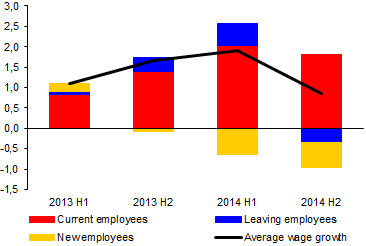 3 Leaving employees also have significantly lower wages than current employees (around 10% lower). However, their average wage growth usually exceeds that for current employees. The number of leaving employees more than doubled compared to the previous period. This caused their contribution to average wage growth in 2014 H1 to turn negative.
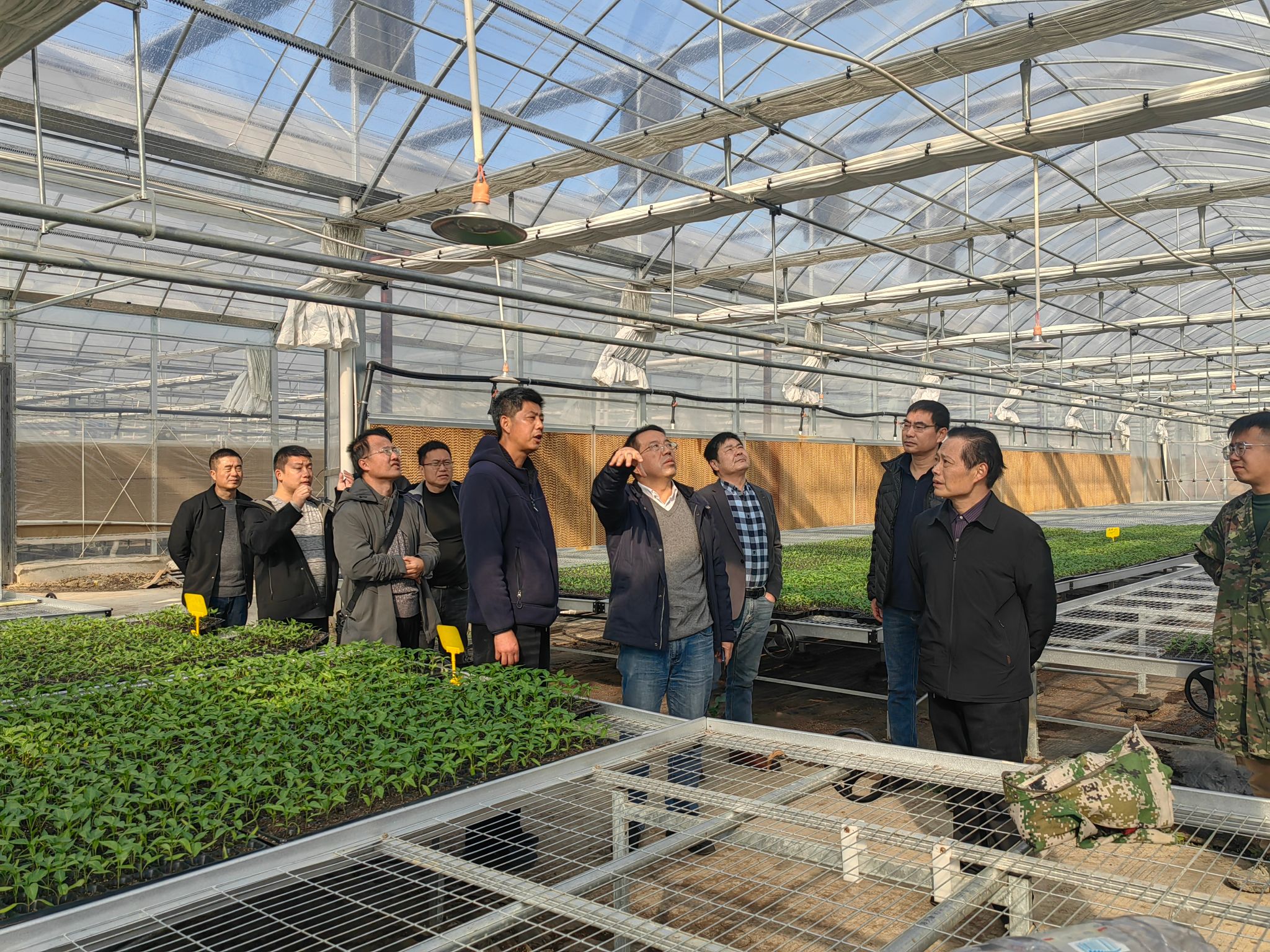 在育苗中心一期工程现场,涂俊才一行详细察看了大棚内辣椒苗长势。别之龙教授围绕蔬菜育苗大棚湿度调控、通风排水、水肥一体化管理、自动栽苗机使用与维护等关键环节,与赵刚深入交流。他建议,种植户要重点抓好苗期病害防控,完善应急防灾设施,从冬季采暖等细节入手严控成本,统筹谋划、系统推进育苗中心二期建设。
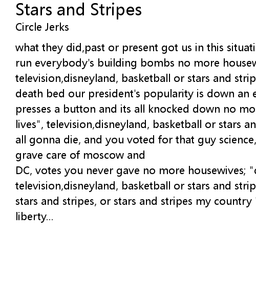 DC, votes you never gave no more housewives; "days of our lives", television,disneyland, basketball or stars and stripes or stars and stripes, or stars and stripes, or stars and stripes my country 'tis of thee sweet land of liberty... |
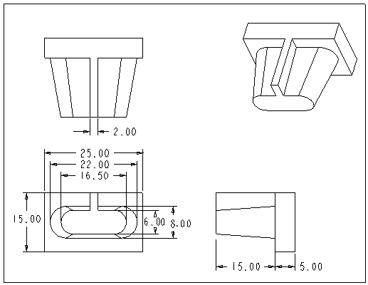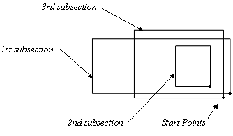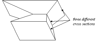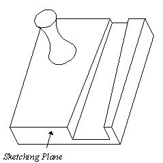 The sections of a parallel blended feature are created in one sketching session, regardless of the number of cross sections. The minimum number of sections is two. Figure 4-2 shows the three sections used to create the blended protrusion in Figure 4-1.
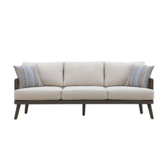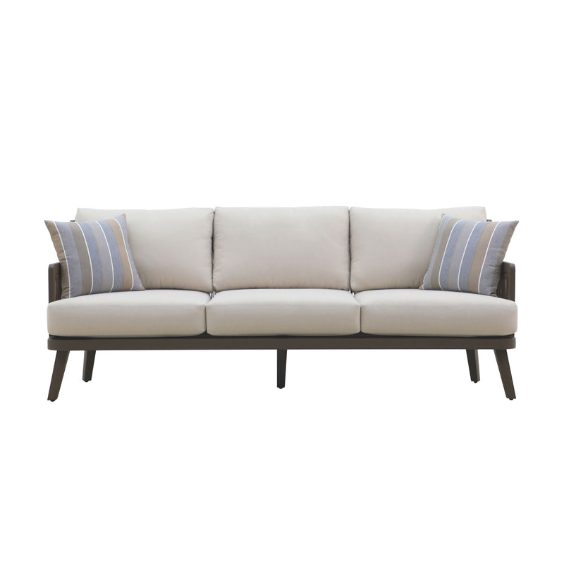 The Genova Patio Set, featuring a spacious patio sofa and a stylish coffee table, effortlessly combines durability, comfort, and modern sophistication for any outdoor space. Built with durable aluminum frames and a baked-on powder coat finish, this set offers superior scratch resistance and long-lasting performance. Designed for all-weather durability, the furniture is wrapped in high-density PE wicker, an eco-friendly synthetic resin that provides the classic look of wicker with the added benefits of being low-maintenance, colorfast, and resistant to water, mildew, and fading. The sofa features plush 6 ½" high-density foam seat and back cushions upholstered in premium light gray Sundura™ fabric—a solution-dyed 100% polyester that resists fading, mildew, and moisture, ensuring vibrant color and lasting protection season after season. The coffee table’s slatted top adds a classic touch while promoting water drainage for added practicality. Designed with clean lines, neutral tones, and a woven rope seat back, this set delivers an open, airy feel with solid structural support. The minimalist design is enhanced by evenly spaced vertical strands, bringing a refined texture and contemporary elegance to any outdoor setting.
--
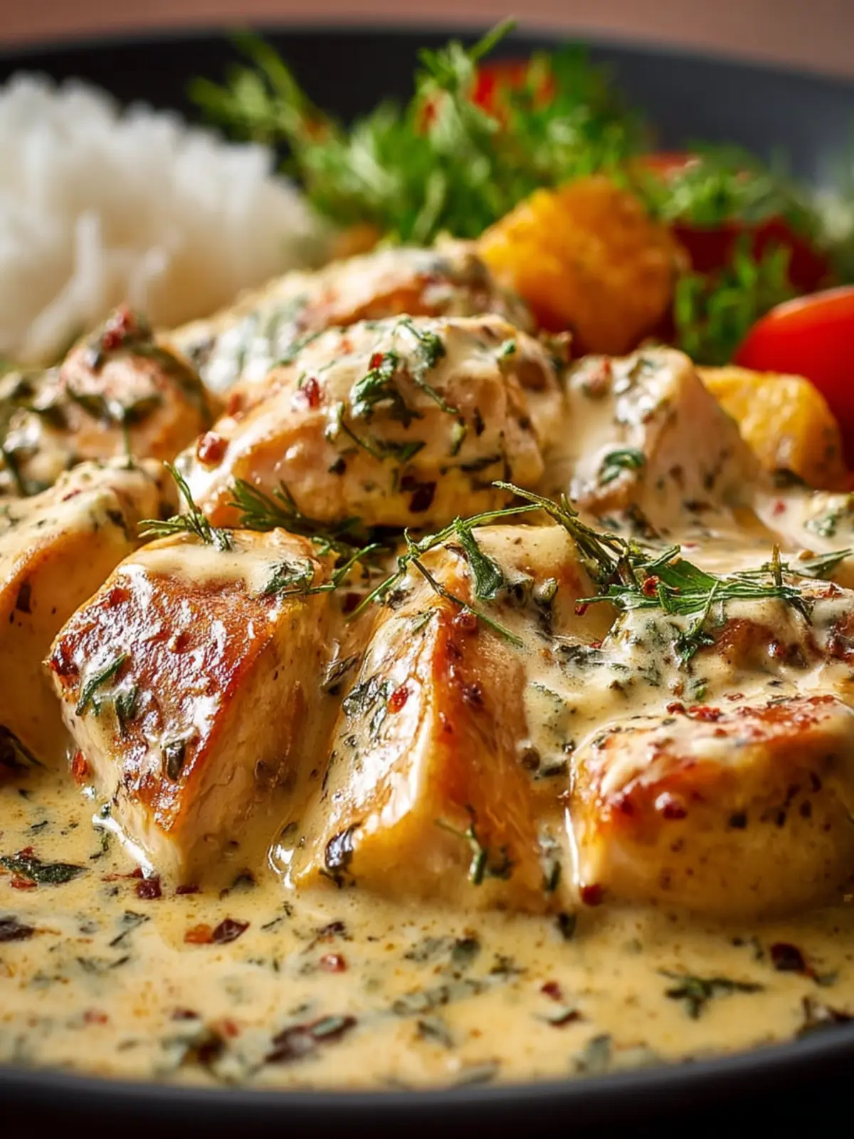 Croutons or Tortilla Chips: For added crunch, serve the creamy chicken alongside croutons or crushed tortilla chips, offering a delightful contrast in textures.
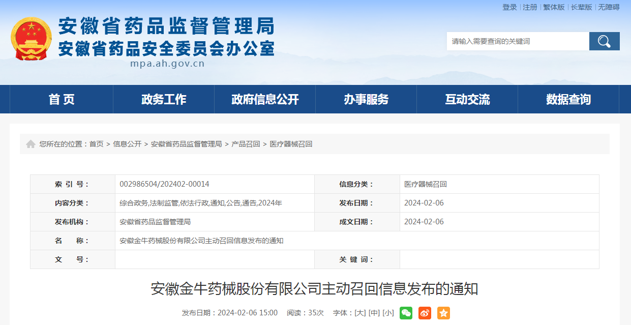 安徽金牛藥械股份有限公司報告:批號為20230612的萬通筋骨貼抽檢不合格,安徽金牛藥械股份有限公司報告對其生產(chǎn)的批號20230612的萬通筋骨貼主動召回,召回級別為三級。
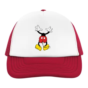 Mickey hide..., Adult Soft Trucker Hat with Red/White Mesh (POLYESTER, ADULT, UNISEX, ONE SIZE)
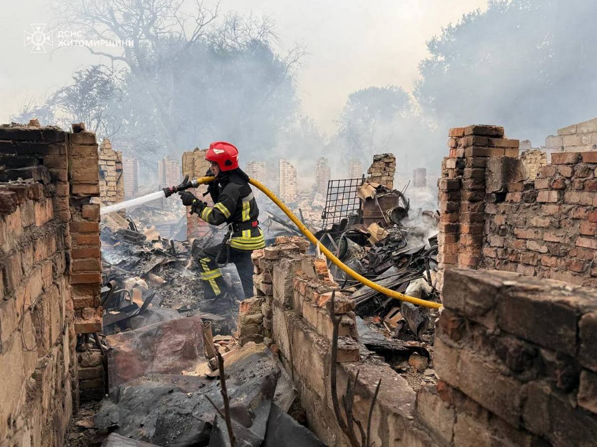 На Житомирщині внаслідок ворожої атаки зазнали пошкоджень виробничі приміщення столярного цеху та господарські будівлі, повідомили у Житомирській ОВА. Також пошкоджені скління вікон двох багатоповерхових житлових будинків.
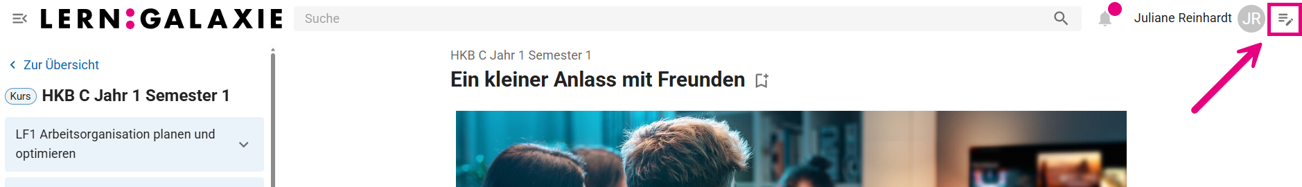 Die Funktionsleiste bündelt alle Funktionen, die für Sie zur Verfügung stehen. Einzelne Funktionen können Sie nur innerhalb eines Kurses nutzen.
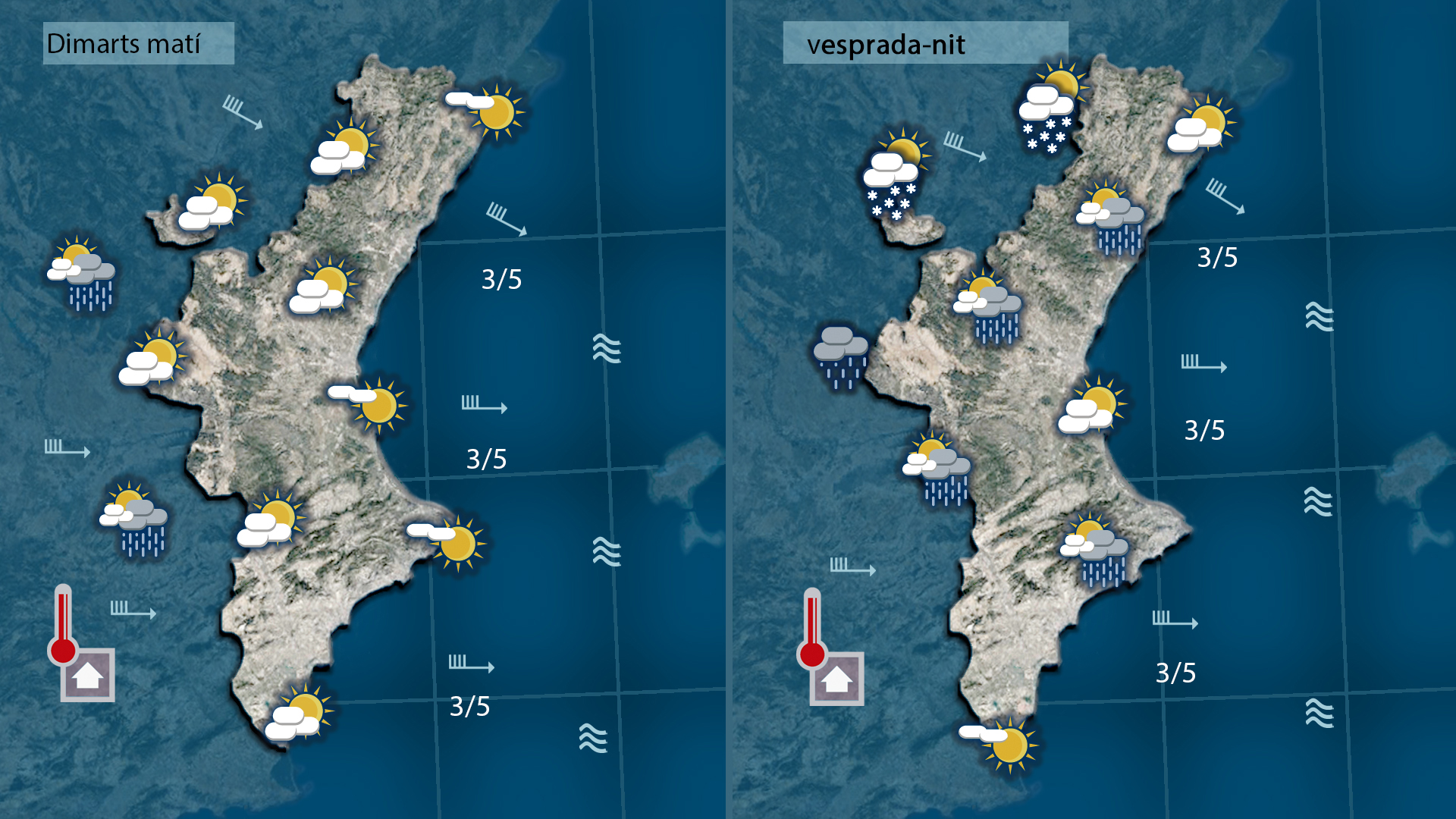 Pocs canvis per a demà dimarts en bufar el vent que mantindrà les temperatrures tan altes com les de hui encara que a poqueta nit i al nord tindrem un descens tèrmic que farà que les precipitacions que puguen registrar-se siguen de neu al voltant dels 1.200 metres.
--
> **Goal of the exercise**: Although the records above contain pictures, the copy should not; retype exactly the lines from the one containing "3 Leaving employees" through the one containing "The sections of".

> **Result for this exercise**:
 3 Leaving employees also have significantly lower wages than current employees (around 10% lower). However, their average wage growth usually exceeds that for current employees. The number of leaving employees more than doubled compared to the previous period. This caused their contribution to average wage growth in 2014 H1 to turn negative.
 在育苗中心一期工程现场,涂俊才一行详细察看了大棚内辣椒苗长势。别之龙教授围绕蔬菜育苗大棚湿度调控、通风排水、水肥一体化管理、自动栽苗机使用与维护等关键环节,与赵刚深入交流。他建议,种植户要重点抓好苗期病害防控,完善应急防灾设施,从冬季采暖等细节入手严控成本,统筹谋划、系统推进育苗中心二期建设。
 DC, votes you never gave no more housewives; "days of our lives", television,disneyland, basketball or stars and stripes or stars and stripes, or stars and stripes, or stars and stripes my country 'tis of thee sweet land of liberty... |
 The sections of a parallel blended feature are created in one sketching session, regardless of the number of cross sections. The minimum number of sections is two. Figure 4-2 shows the three sections used to create the blended protrusion in Figure 4-1.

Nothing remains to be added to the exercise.